The endogenous expression level of hsa-miR-372 in OCUG-1 and SGC-996 cells were relatively higher compared with G-415 cell, as determined by RT-qPCR (Fig. 3A). The expression levels of hsa-miR-372 in G-415, OCUG-1 and SGC-996 cells transfected with hsa-miR-372 mimics were significantly upregulated by 22.33-, 16.38- and 28.45-fold, respectively, when compared with levels in the mimics negative control transfection group (Fig. 3B), indicating that the transfection efficiency is suitable for further cell experiments.

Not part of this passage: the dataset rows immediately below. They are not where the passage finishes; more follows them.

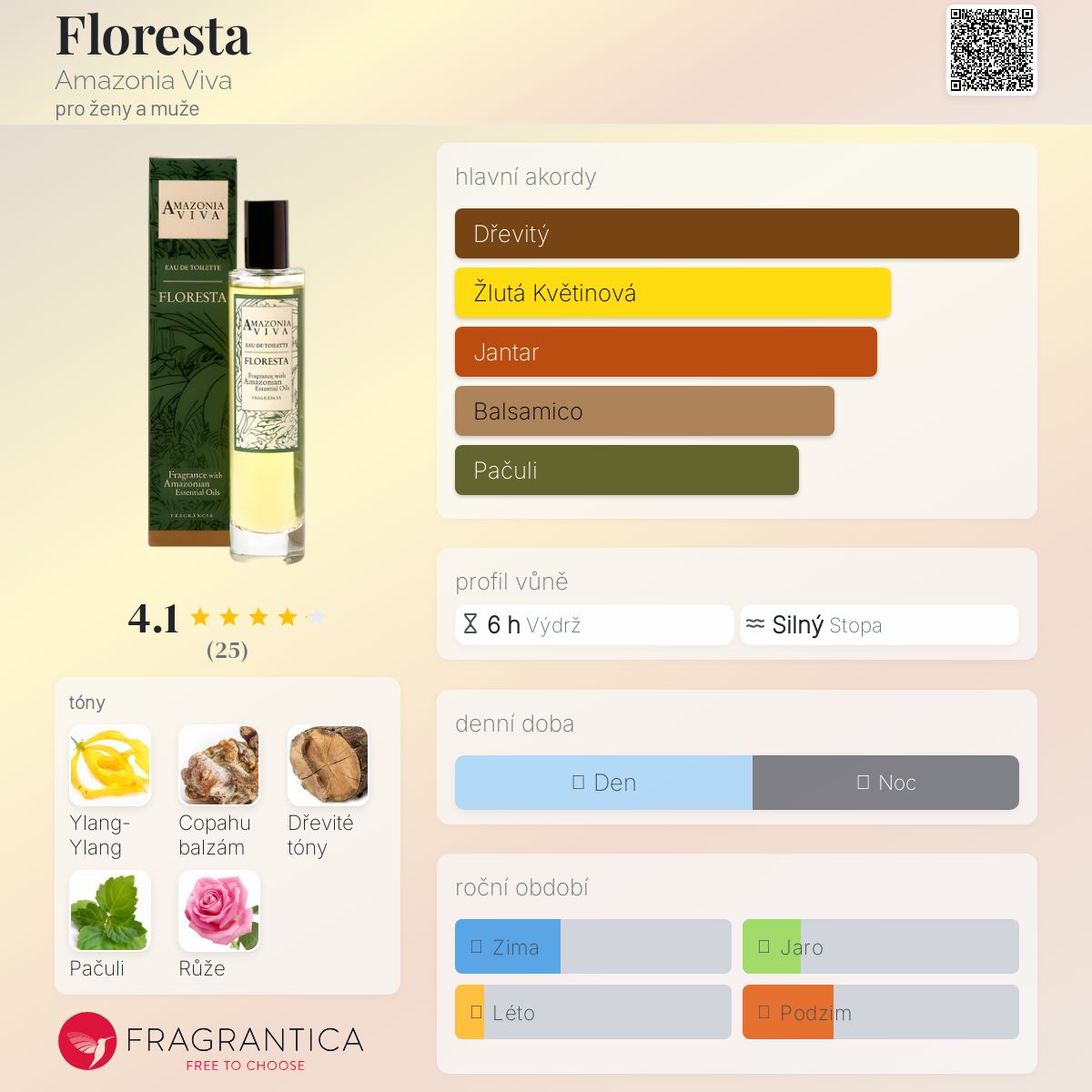 Floresta podle Amazonia Viva je Floral Woody Musk vůně pro ženy a muže. Floresta byl/a uveden/a v roce 2013.
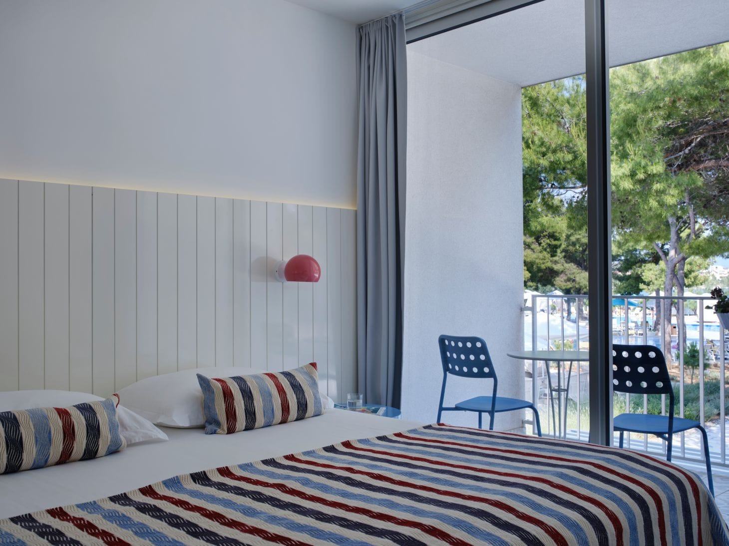This stylish and colourful 70.5m² suite surrounds families in a rainbow of comfort, luxury and fun, where balconies serve front-row seats to endless Adriatic vistas. Parents retreat to their plush double-bedded haven while young explorers conquer their twin-bed kingdom, and the living space with its convertible sofa and playful bunk beds—transforms effortlessly from a sunny play zone by day to a cozy dreamland by night. Two plush bathrooms with showers and thoughtful safety touches make every moment carefree, wrapping two adults and three children under 12 in a joyful bubble. Is your family ready to write its perfect holiday story?
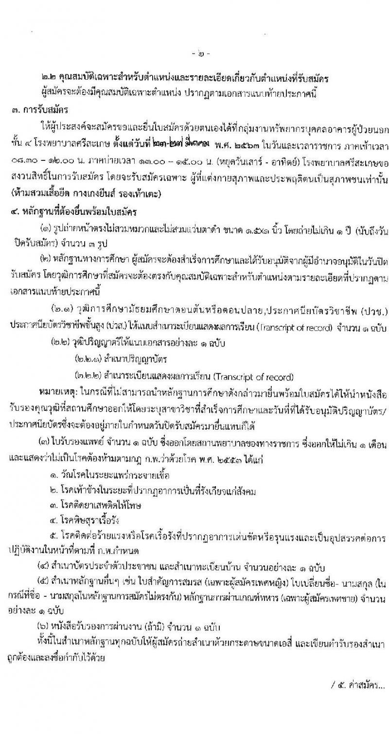 โรงพยาบาลศรีสะเกษ รับสมัครสอบเป็น ลูกจ้างชั่วคราว 2 ตำแหน่ง 3 อัตรา
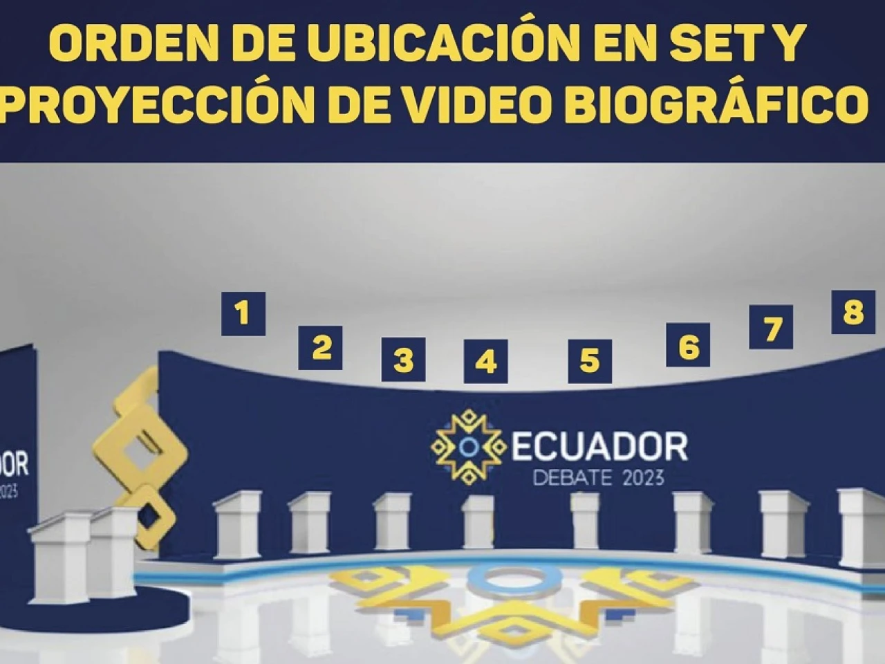 Previa a la definición del orden de las intervenciones, se sorteó la ubicación de los postulantes en el set, en el que estarán: Yaku Pérez, de la alianza "Claro que se puede"; Bolívar Armijos, de "Amigo"; Fernando Villavicencio, de "Construye" y Luisa González, del movimiento Revolución Ciudadana que lidera el expresidente Rafael Correa.
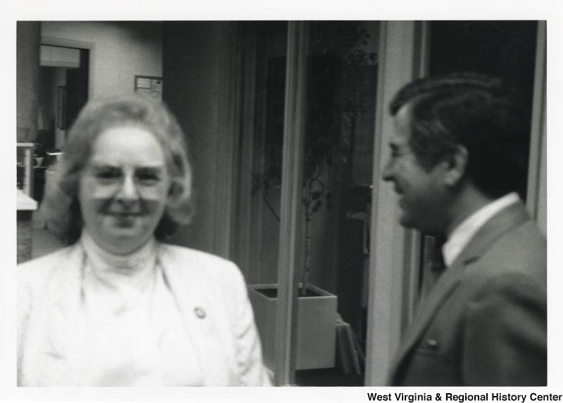 - On the right, Representative Nick J. Rahall (D-W.Va.) smiles with an unidentified woman.
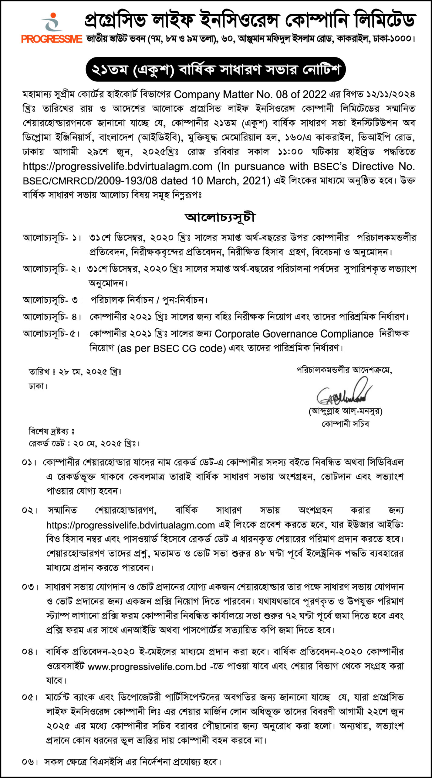 Notice of the 21st Annual General Meeting of Progressive Life Insurance Company Ltd.
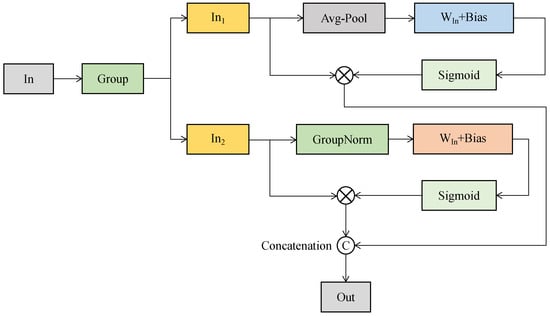 To acquire spatialwise statistics, we employed group normalization to process the branch . The outputs of group normalization were used as the inputs of a parameter function. The purpose of the parameter function is spatial attention extraction. To refine the features, we adopted the outputs of the parameter function as the inputs of a sigmoid function. The values from the sigmoid function and the outputs of the branch were also multiplied for the broadcast of channel attention values. With these steps, the interspatial relationship was explored. Then, we concatenated the outputs of the upper and lower parts of Figure 4 for information fusion.
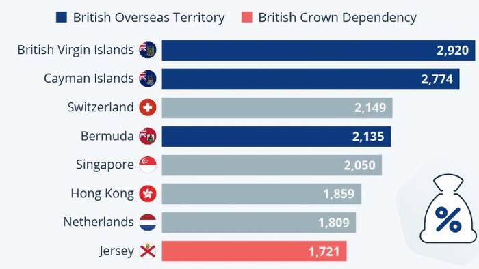 It is followed by Luxembourg (1,399) and then the Bahamas (1,283), the latter of which is an independent member of the British commonwealth but not an OT or CD. In position 12 comes the Isle of Man (1,189) and in 13 comes Guernsey (1,145), both Crown Dependencies. The United Kingdom places in 19th position with a value of 865.
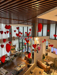 I like the place, there is an indoor hall, a terrace in the fresh air and on the street at the entrance, the location is also convenient, it's best to go there with children, there is a play area, paid, there were 50,000 soums, time is unlimited. Comfortable seating areas, my daughter sleeps on the sofa with special pleasure, very attentive and responsive staff. The service is excellent. The kitchen is delicious, for an amateur, you will not please everyone in everything). Another plus is that the hall is decorated in a holiday theme.
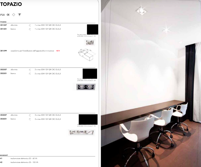 Sistema di apparecchi da incasso con cornice per cartongesso a una, due, tre luci orientabili. Disponibile nelle versioni con lampada a ioduri metallici, lampada alogene a bassissima tensione o nella versione con lampada miste. Disponibile in due combinazioni di colore: versione con corpo in acciaio verniciato nero e cornice colore alluminio, versione con corpo e cornice verniciate colore bianco. Gruppo ottico interno in alluminio pressofuso nero o bianco che consente un'inclinazione massima delle lampade di 30° rispetto all'asse per una totale flessibilità di installazione e di illuminazione. Nella versione con lampada a ioduri metallici l'apparecchio è fornito con riflettore d'alluminio 40° e con vetro di protezione UV.
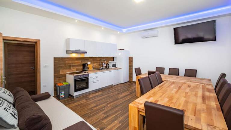 Die Group Holiday Accommodation Natura Croatia bietet Übernachtungsmöglichkeiten für bis zu 13 Personen. Die Unterkunft verfügt über einen eigenen Strandbereich sowie eine Terrasse mit Grillmöglichkeiten. Kostenfreies WLAN ist verfügbar, ebenso wie ein Privatparkplatz.
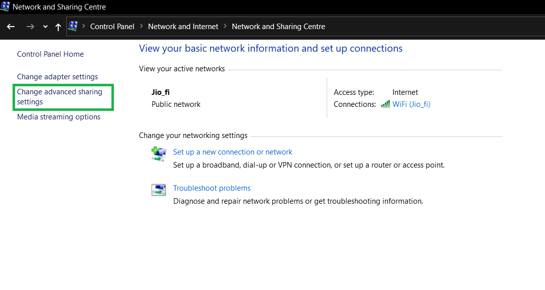 步骤7:在屏幕的左上角,选择“”。更改高级共享设置".
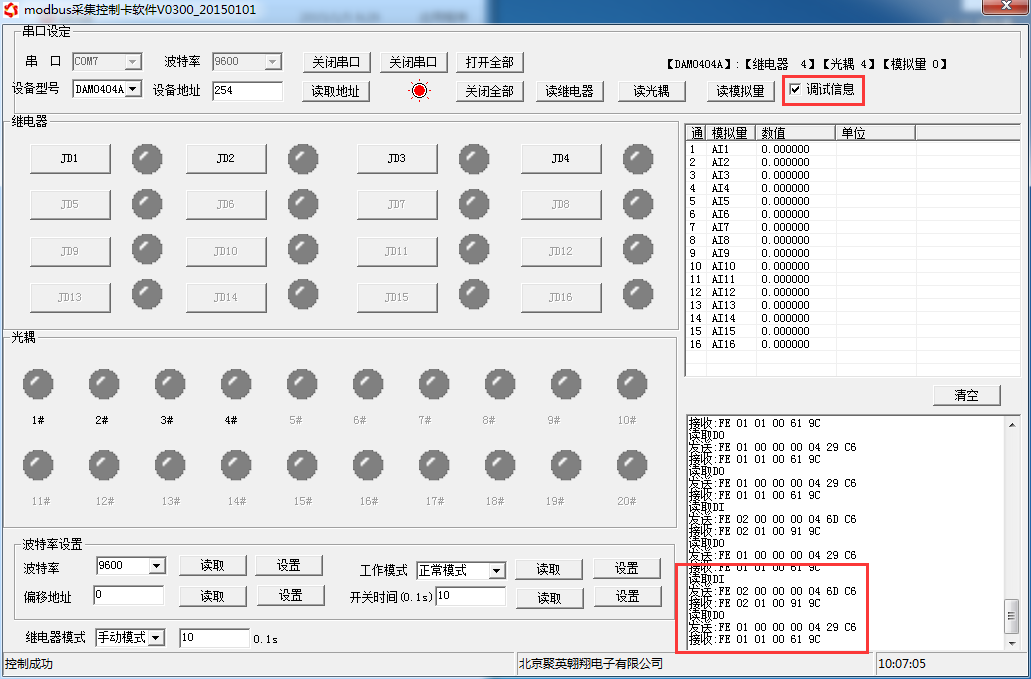 DAM调试软件查询速率为3s,接入输入信号后,可通过点击读取光耦或读取模拟量来立刻查看输入状态及数据。
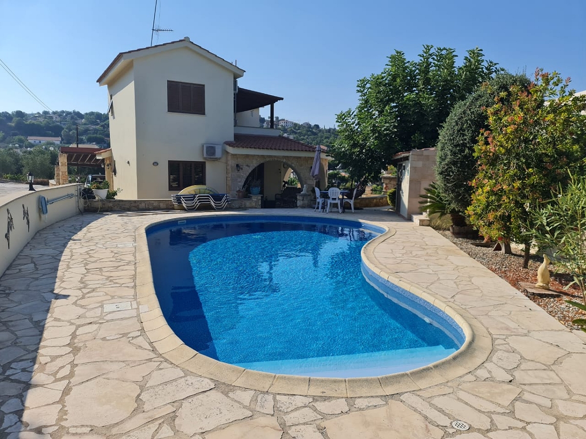 A lovely three bedroom villa located in the peaceful village of Kallepia Paphos. Only 5min drive from the renowned Minthis Golf Club and 15min drive from Paphos town. The beautiful villa is secluded in a cul-de-sac surrounded in nature with its lovely verandas and garden/mountain views.
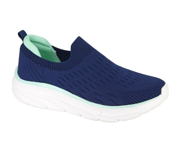 Experience the perfect blend of style and comfort with the DEK Women's Navy Knit Slip-On Sneaker. Crafted from breathable navy blue textile mesh, this superlight trainer features a soft textile lining and a comfort memory foam sock for all-day support. The lightweight EVA/PU sole ensures effortless movement, making it an ideal choice for both casual outings and active days. Elevate your footwear collection with this versatile and chic sneaker that effortlessly combines fashion and functionality.
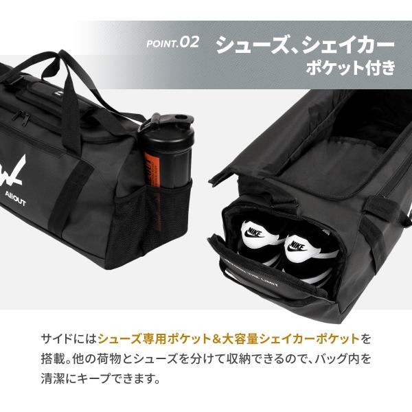 ALL OUT トレーニングバッグ ダッフルバッグ ジムバッグ 2way 防水 シューズ収納 大容量 正規品 ポイント利用 爆買

As miRNAs primarily function by inhibiting their target genes, the targets of hsa-miR-372 in GBC were predicted by using bioinformatics analysis. Previous research demonstrated that CLIC1 expression was closely associated with GBC progression and may be regarded as an effective biomarker for predicting the prognosis of GBC (18,19). Complementary sequences were identified between hsa-miR-372 and the 3′UTR of CLIC1 (Fig. 4A), which indicated CLIC1 may be a target gene of hsa-miR-372. To further investigate whether hsa-miR-372 inhibits CLIC1 expression in GBC cells, G-415, OCUG-1 and SGC-996 cells were treated with hsa-miR-372 mimics or mimics negative control. RT-qPCR and western blot analysis demonstrated that transfection with hsa-miR-372 mimics markedly decreased the expression of CLIC1 mRNA and protein in all three GBC cell lines (Fig. 4B). In addition, a dual-luciferase reporter assay was performed to confirm the direct interaction between hsa-miR-372 and the 3′UTR of CLIC1. Notably, the results demonstrated that the relative luciferase activity of the wild-type CLIC1 3′UTR plasmid decreased in response to treatment with hsa-miR-372 mimics compared with negative control mimics (Fig. 4C). By contrast, hsa-miR-372 mimics exhibited no inhibitory effect on luciferase activity when transfected with the mutant CLIC1 3′UTR plasmid (Fig. 4C).